USA Today publisher Gannett Co. imposed one-week unpaid furloughs for most of its U.S. employees Wednesday, saying the move could help minimize the need for further layoffs amid a severe advertising downturn.
USA Today also declared a one-year freeze on wages effective Feb. 1.
Although Gannett is regarded by many analysts as one of the most financially sound U.S. newspaper publishers, the economic recession and the ongoing migration of advertising to the Internet have pounded its revenue prospects.
Gannett had several rounds of layoffs last year, including one in December slashing the work force at most of its U.S. newspapers by 10 percent and another in November cutting newsroom jobs at USA Today by about 5 percent.
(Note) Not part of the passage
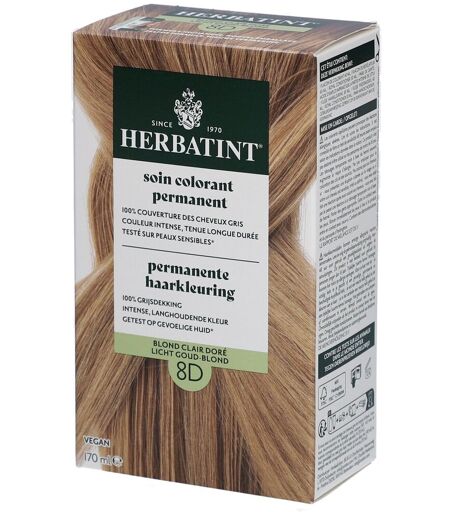 Une coloration capillaire inspirée par la nature avec une couverture à 100 % des cheveux gris ? Herbatint propose 27 nuances différentes de gels de coloration capillaire sans ammoniaque et avec une couverture à 100 % des cheveux gris. La coloration capillaire est axée sur la coloration naturelle, la nutrition et la protection optimale des cheveux. La coloration capillaire contient une formule unique et douce et est enrichie de 8 extraits de plantes, dont l'aloe vera, l'hamamélis, l'échinacée et le noyer. La formule contient également une faible concentration de peroxyde d'hydrogène. Herbatint 8D est une magnifique teinte blond clair pour une couleur et une brillance naturelles et un résultat durable. La coloration capillaire convient pour 2 applications.Bénéfices Coloration permanente Sans ammoniaque Avec 8 extraits de plantes pour un soin optimal Convient aux végans Testé dermatologiquement, convient aux peaux sensiblesApplicationCet étui contient 1 flacon de colorant, 1 flacon de révélateur, 1 Royal Conditioner et 1 paire de gants.Mode d'emploi :Préparez : pinceau , bol en plastique ou en verre, cape de protection ou une serviette de toilette usagée, verre doseur. Il est conseillé de ne pas laver ses cheveux 24 heures avant de faire sa coloration; le sébum naturel produit par le cuir chevelu ayant une action protectrice sur celui-ci. Il est important que vos cheveux n'aient aucune trace de produits de coiffage (produits sans rinçage, baumes).1. Préparez le soin colorant permanent. Mettez les gants et protégez vos vêtemens avec la cape ou la serviette. Mélangez dans un bol la même quantité de chacun des deux flacons, couleur (flacon 1) et révélateur (flacon 2). La quantité de produit dépend de la longueur, l'épaisseur ou la porosité de vos cheveux, mais l'important est de respecter le ratio de mélange 1:1 entre couleur et révélateur. En l'absence de verre doseur vous pouvez utiliser les bouchons pour dosere la couleur et le révélateur en quantités égales.Repousse jusqu'à 2cm = 30 ml de couleur + 30ml de révélateurCheveux courts = 40 ml de couleur + 40ml de révélateurCheveux longs = 60 ml de couleur + 60ml de révélateurAprès emploi, refermez les flacons avec soin afin de conserver le produit non utilisé pour une application future.2. Séparez vos cheveux en 4 sections égales (verticalement du front vers la nuge et horizontalement d'oreille à oreille). Appliquez le soin colorant à l'aide d'un pinceau, en partant des racines. Jetez un oeil aux tutorials (https://www.youtube.com/watch?v=snZ7bTQ_DQQ).3. Laissez poser 40 minutes. Ne pas prolonger ni réduire le temps de pose. Le conseil en plus: si vous faites un retouche racines, appliquez le gel uniquement sur la repousse des cheveux et en conservez une petite quantité. Après 30 minutes de pose, appliquez le rest du mélange sur les longueurs jsqu'aux pointes et laissez poser encore 10 minutes.4. Rincez et complétez votre application. Rincez soigneusement les cheveux. Appliquez votre shampoing habituel... ...

Employees must take the furloughs during the first quarter. Union-covered employees will be asked to participate, and layoffs are possible if they refuse.
"After much consideration, we decided a furlough program would be the fairest and least intrusive way to meet these fiscal challenges in the first quarter, which is traditionally the lightest time of the year," Gannett Chief Executive Craig Dubow said in a staff memo. "We sincerely hope this minimizes the need for any layoffs going forward."
Gannett owns 85 U.S. daily newspapers and 23 TV stations in the U.S. It has more than 40,000 employees.
USA Today Publisher Craig Moon told employees in a separate memo that their sacrifices will keep the newspaper healthy.
"We find ourselves in an incredibly tough media and economic climate," Moon said. "Our advertising revenues continue to slump as we enter 2009. With little visibility of future ad schedules, we like others at Gannett, have had to make some very difficult decisions."
Gannett's British employees are not affected, but the U.K.-based Newsquest division is taking other, unspecified expense-reduction measures.